[WHAT YOU ARE ASKED TO DO] A faithful, complete transcript of the entries below, without pictures, should be returned.

[Saved data entries]
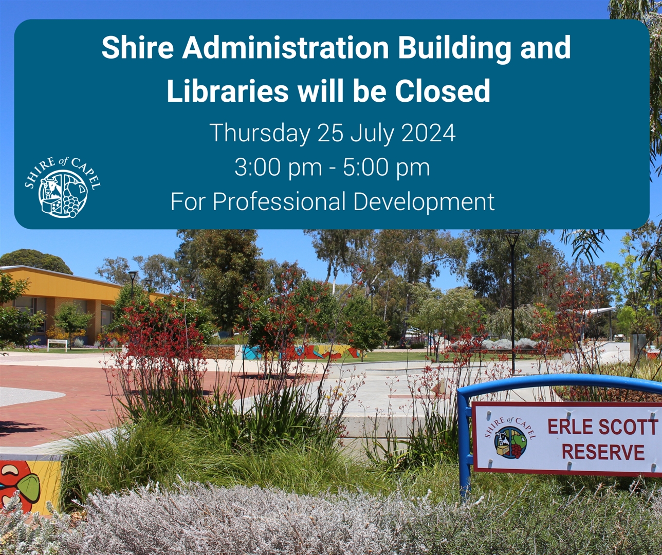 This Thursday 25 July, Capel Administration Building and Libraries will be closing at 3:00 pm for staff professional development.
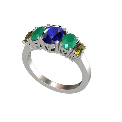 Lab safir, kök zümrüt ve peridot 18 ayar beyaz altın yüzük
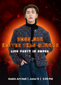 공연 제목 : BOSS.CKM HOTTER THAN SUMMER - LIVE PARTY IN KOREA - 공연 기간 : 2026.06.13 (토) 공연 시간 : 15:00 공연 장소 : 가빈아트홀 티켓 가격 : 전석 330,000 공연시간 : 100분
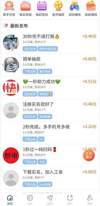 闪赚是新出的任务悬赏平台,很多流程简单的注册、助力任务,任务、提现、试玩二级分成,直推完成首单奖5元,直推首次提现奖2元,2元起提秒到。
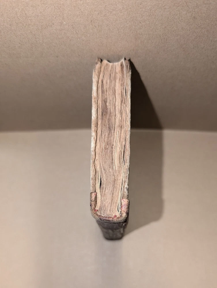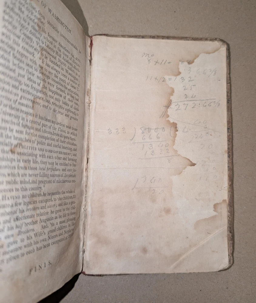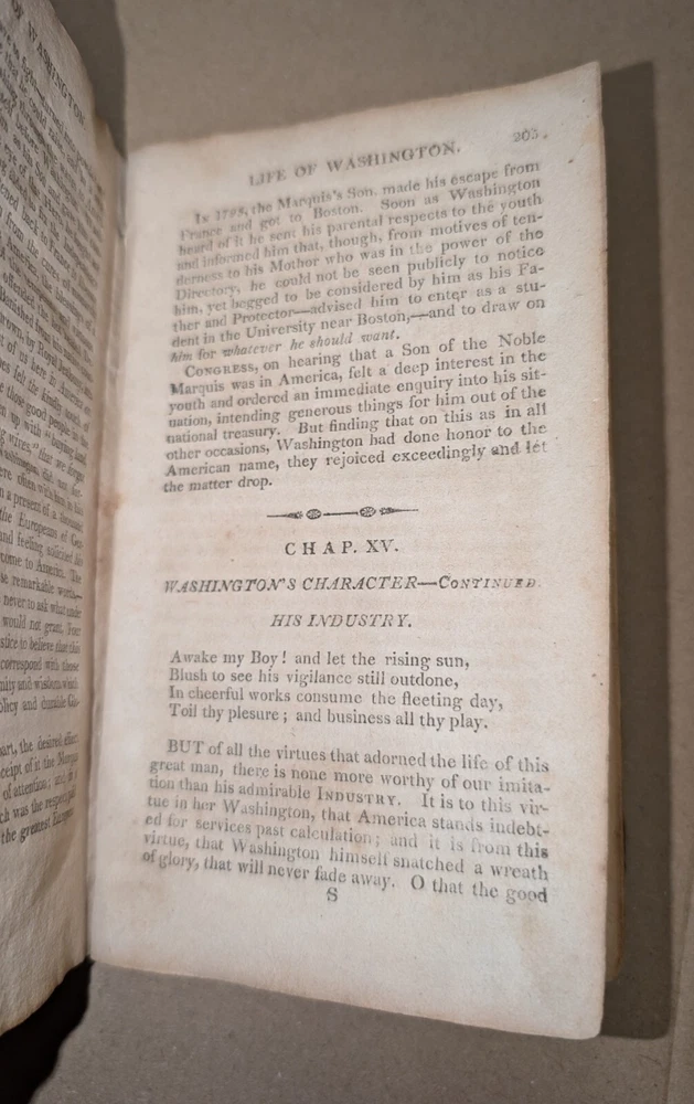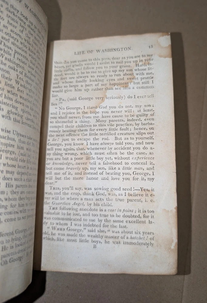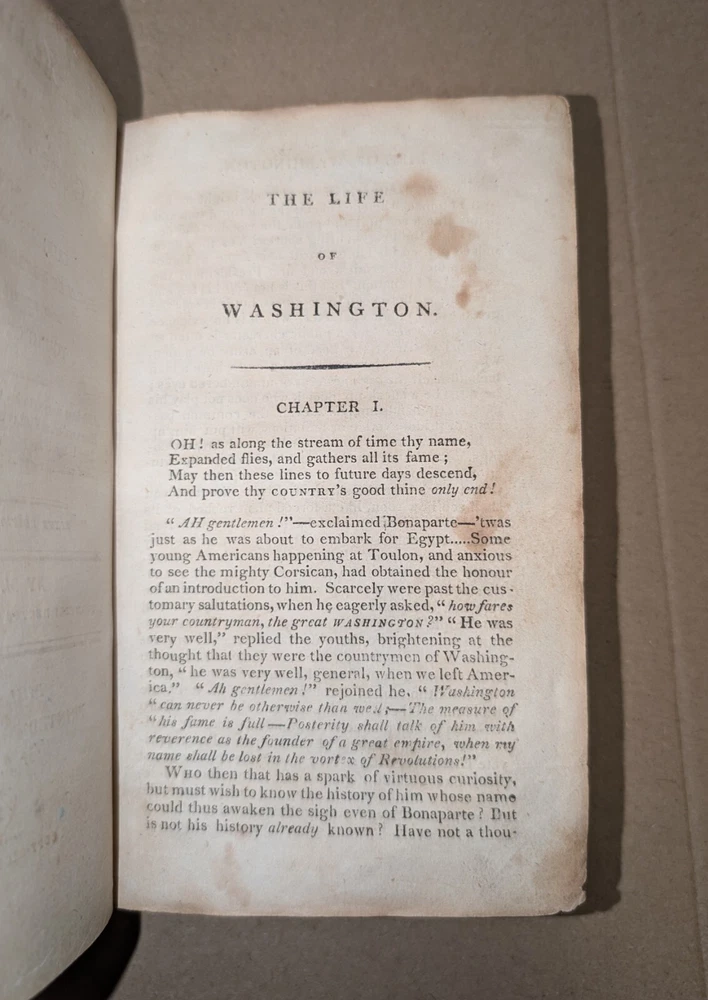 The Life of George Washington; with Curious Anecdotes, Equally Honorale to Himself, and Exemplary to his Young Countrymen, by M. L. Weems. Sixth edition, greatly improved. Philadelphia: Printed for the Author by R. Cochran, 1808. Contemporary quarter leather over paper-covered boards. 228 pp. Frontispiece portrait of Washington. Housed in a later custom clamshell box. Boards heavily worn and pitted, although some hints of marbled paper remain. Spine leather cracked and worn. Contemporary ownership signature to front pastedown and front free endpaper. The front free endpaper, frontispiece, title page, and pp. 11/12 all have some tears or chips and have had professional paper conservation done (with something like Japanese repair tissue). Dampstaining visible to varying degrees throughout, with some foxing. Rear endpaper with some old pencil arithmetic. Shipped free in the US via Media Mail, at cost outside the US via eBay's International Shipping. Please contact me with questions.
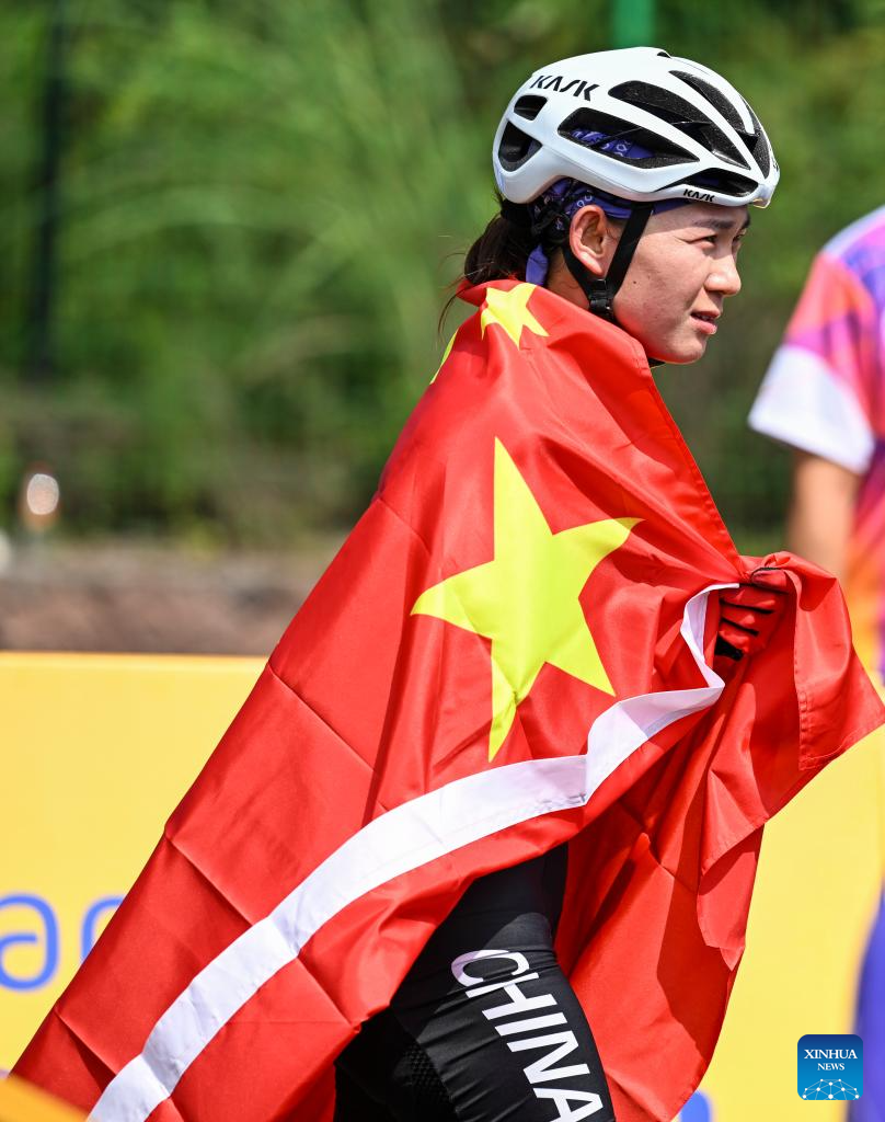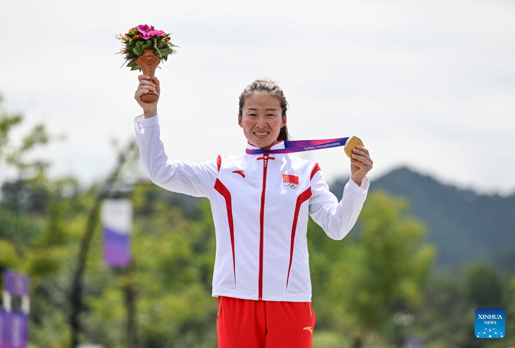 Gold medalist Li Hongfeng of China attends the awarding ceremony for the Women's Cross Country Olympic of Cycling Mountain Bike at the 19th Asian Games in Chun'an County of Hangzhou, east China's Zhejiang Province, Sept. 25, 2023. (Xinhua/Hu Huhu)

[ANSWER SPACE]
 This Thursday 25 July, Capel Administration Building and Libraries will be closing at 3:00 pm for staff professional development.
 Lab safir, kök zümrüt ve peridot 18 ayar beyaz altın yüzük
 공연 제목 : BOSS.CKM HOTTER THAN SUMMER - LIVE PARTY IN KOREA - 공연 기간 : 2026.06.13 (토) 공연 시간 : 15:00 공연 장소 : 가빈아트홀 티켓 가격 : 전석 330,000 공연시간 : 100분
 闪赚是新出的任务悬赏平台,很多流程简单的注册、助力任务,任务、提现、试玩二级分成,直推完成首单奖5元,直推首次提现奖2元,2元起提秒到。
 The Life of George Washington; with Curious Anecdotes, Equally Honorale to Himself, and Exemplary to his Young Countrymen, by M. L. Weems. Sixth edition, greatly improved. Philadelphia: Printed for the Author by R. Cochran, 1808. Contemporary quarter leather over paper-covered boards. 228 pp. Frontispiece portrait of Washington. Housed in a later custom clamshell box. Boards heavily worn and pitted, although some hints of marbled paper remain. Spine leather cracked and worn. Contemporary ownership signature to front pastedown and front free endpaper. The front free endpaper, frontispiece, title page, and pp. 11/12 all have some tears or chips and have had professional paper conservation done (with something like Japanese repair tissue). Dampstaining visible to varying degrees throughout, with some foxing. Rear endpaper with some old pencil arithmetic. Shipped free in the US via Media Mail, at cost outside the US via eBay's International Shipping. Please contact me with questions.
 Gold medalist Li Hongfeng of China attends the awarding ceremony for the Women's Cross Country Olympic of Cycling Mountain Bike at the 19th Asian Games in Chun'an County of Hangzhou, east China's Zhejiang Province, Sept. 25, 2023. (Xinhua/Hu Huhu)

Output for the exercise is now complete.